The Agony Around Ecstasy


FOIAengine: Media Requests Signaled Issues for a “Party Drug” Going Mainstream

With 153 clinical trials to assess whether the party drug known as Ecstasy can help patients suffering from Post Traumatic Stress Disorder, optimism was high earlier this summer among investors in numerous start-ups hoping to hit it big in the medical psychedelic market.

Ecstasy, also known by the pharmaceutical shorthand MDMA (an abbreviation of 3,4-methylenedioxymethamphetamine), is used illegally by millions in the U.S.  The synthetic drug has been banned since spreading across the rave and club scene in 1985. 

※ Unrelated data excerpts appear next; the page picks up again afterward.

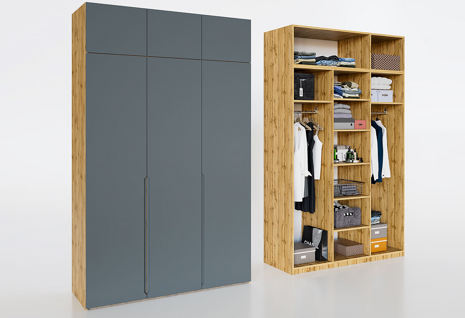 - Шкаф Вип-Мастер Неаполь 3-дверный с антресолью 150 см Дуб аппалачи / Антрацит
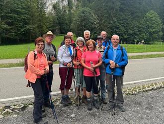 Am Dienstag, den 20.08.2024 um 8 Uhr, trafen sich bei bedecktem Himmel 10 Enzianer(innen) am Seltmanser Parkplatz und fuhren nach Obermaiselstein-Ried. Vom Parkplatz aus gingen wir auf der Straße zum Hirschsprung, der auf unserer Strecke lag. Auf einem Feldweg ging es zum Jägersberg hinauf. Hier genossen wir den herrlichen Ausblick, da sich die Sonne zeigte. Nach einer zünftigen Brotzeitpause wanderten wir auf einem Waldwurzelweg zur Judenkapelle, (1072m) hoch. Zwischendurch bekamen wir die schöne Aussicht auf Oberstdorf und die ganze Bergkette zu sehen. Das war unser höchster Punkt. Danach führte uns der Weg nach Tiefenbach hinunter und zum Parkplatz zurück. In Obermaiselstein, im Golf-Älple empfing uns die freundliche Wirtin. Dort genossen wir die gute Küche. Wohlbehalten, glücklich und zufrieden kamen wir wieder in Seltmans an.
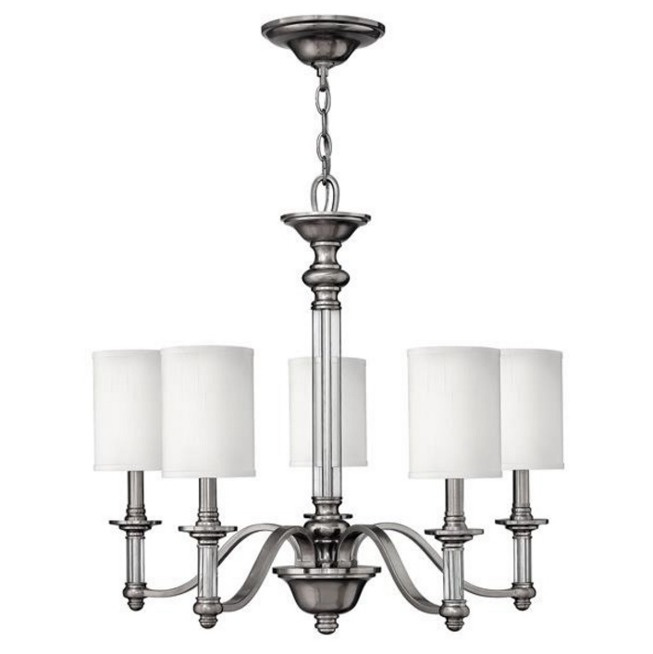 - Lampa wisząca Sussex firmy Elstead Lingting jest wykonana z metalu i abażura z tkaniny.
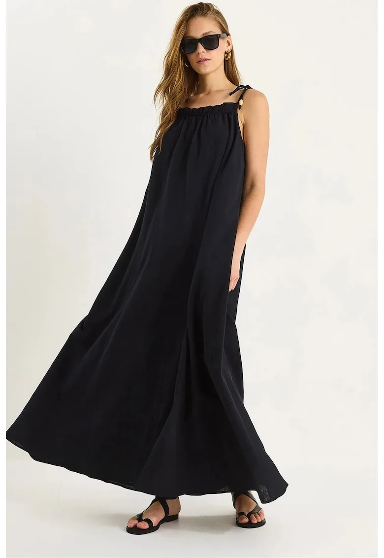 Rochie maxi LUCCI – decolteu patrat – textil – negru
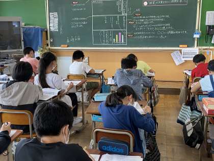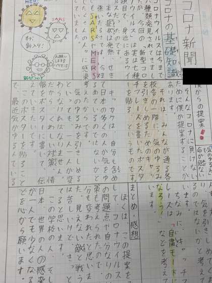 総合的な学習の時間では,「コロナを乗り越えるために」というテーマで,国語の提案文の学習と関連付けて新聞づくりをしています。感染リスクを抑えるために日ごろから意識していること,調べて初めて知ったことをまとめ,分かりやすく伝えるための工夫を考えながら取り組んでいます。
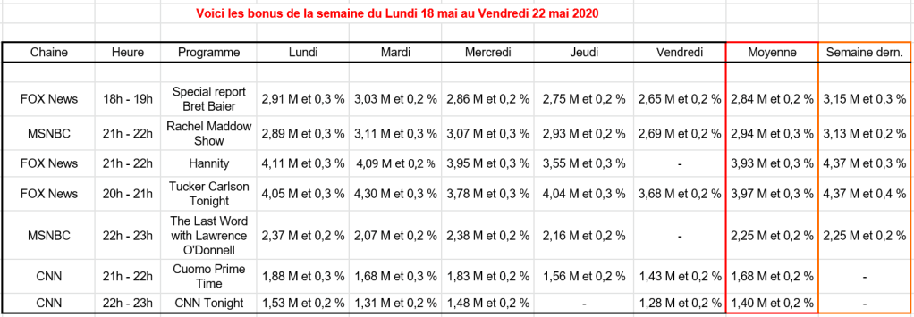Hannity à 21h sur FOX News est toujours puissant à 3,93 M et 0,3 % bien que le programme passe sous les 4 M.
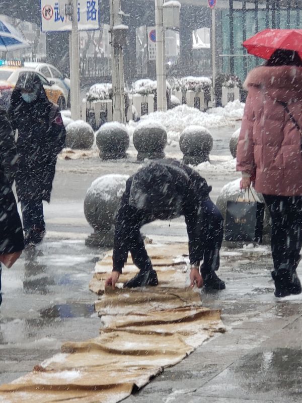 武商MALL·世贸工作人员雪中铺设防滑垫。
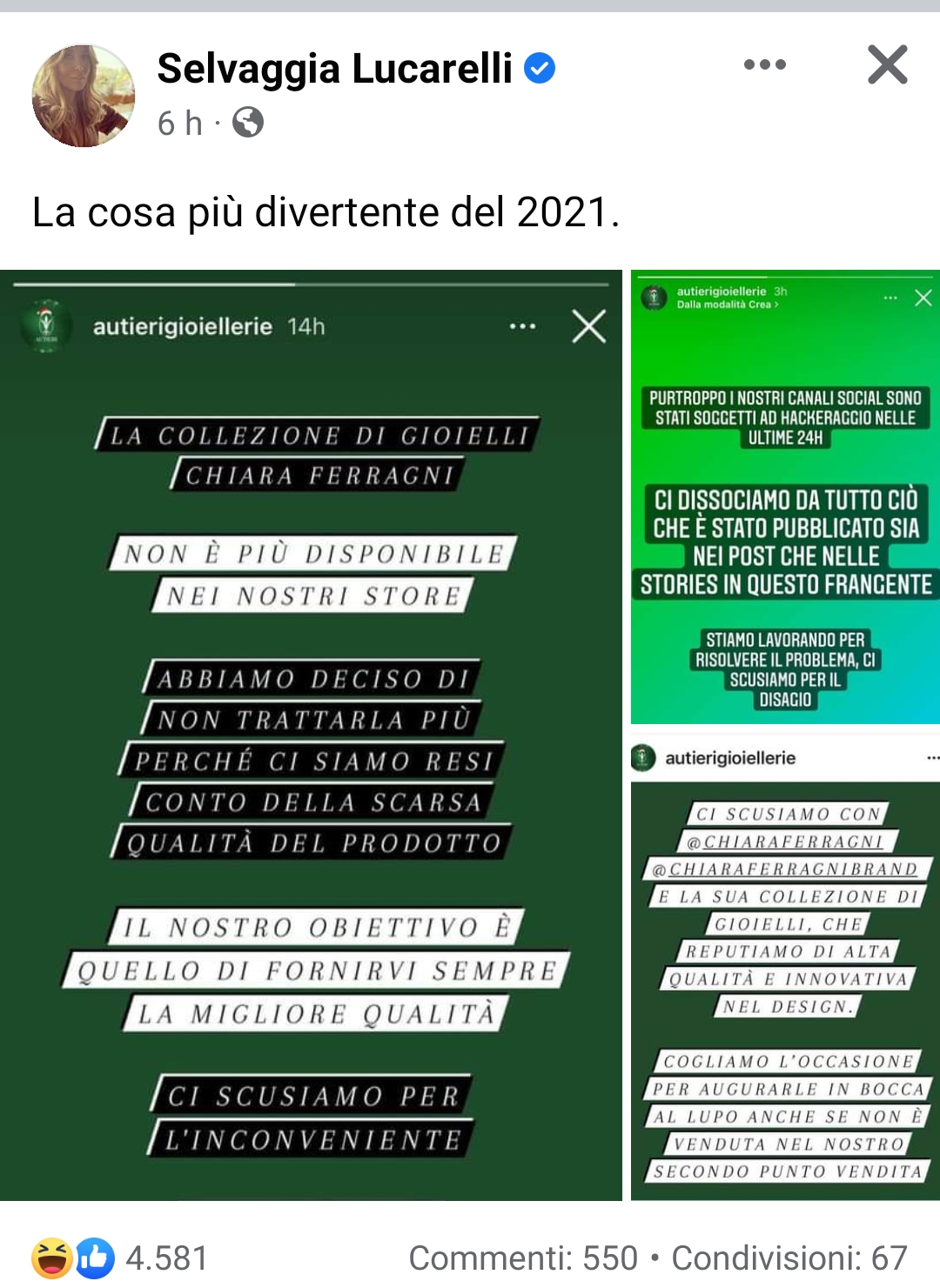 “E’ apparso sulle pagine social della gioielleria Autieri di Montalto Uffugo, con sede anche a Corigliano-Rossano, un messaggio che recita: “La collezione di gioielli Chiara Ferragni non è più disponibile nei nostri store. Abbiamo deciso di non trattarla più perché ci siamo resi conto della scarsa qualità”. Un paio d’ore e arriva un secondo post: “Purtroppo siamo stati hackerati””

A Drug Enforcement Administration fact sheet about Ecstasy says it acts as both a stimulant and psychedelic, producing an energizing effect, distortions in time and perception, and enhanced enjoyment of tactile experiences.  According to the DEA, black-market Ecstasy sold on the street comes from clandestine labs that often combine the drug with ketamine and cocaine, which “can lead to overdose and death when the user takes additional doses to obtain the desired effect.”

But, just a few months ago, at least a half-dozen companies were so hopeful of legalizing the psychedelic drug – with apparent support from the Biden Administration – that they’d already raised more than a billion dollars in fresh capital. 

There were promising signs that the federal government would soon green-light Ecstasy for psychiatric use in treating depression and PTSD.  One such clue came from the Health and Human Services assistant secretary for mental health, who revealed that the feds were “exploring the prospect of establishing a federal task force to monitor” the emerging psychedelic treatment ecosystem.  The Intercept called the letter “the clearest indication yet that top officials are preparing for the approval of psychedelic drugs . . . which was arguably unthinkable even five years ago.” 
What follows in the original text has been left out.